It seems much more honest to just admit that you're not yet at the formalisation stage and to follow the philosophical route of asking, "So what do we really mean by counterfactuals?". And until you have a good answer to this question, you don't want to commit yourself to a particular route, such as assuming that the solution must be some kind of formalism for dealing with non-classical logic.

A further point: We aren't just trying to imagine that say f(x)=1 instead of 2 because we're interested in this question in and of itself, but rather because we're trying to figure out how to make better decisions. Throwing away the why is a mistake in my books. Even if we were only looking non-classical logics, we would be throwing away our criteria for distinguishing between different schemes. And at the point where we're keeping around our why, then there's no reason for reducing the question to a mere logical one.

I wouldn't aim to debate you but I could help you prepare for it, if you want. I'm also looking for someone to help me write something about the Orthogonality Thesis and I know you've written about it as well. I think there are probably things we could both add to each other's standard set of arguments.

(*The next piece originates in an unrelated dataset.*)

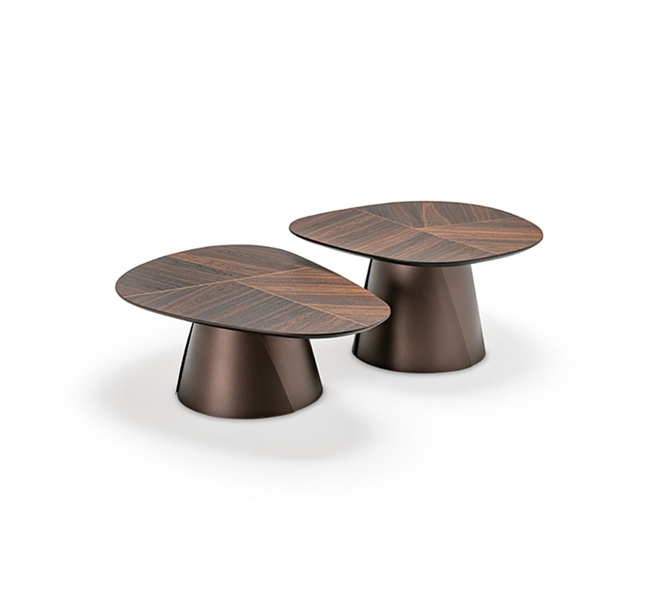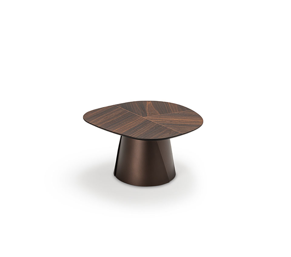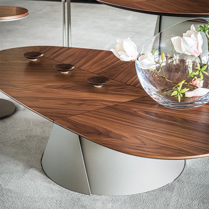 Coffee table with base in titanium (GFM11) or bronze (GFM18) embossed lacquered steel. Top with belleved edges in Canaletto walnut (NC) with details in burned oak or burned oak (RB) with details in Canaletto walnut.

I would love to debate you on this. My view: there is no single known problem in which FDT makes an incorrect decision. I have thought about FDT a lot and it seems quite obviously correct to me.

You should take a look this list of UDT open problems that Vladimir Slepnev wrote 13 years ago, where 2 and 3 are problems in which UDT/FDT seemingly make incorrect decisions, and 1 and 5 are definitely also serious open problems.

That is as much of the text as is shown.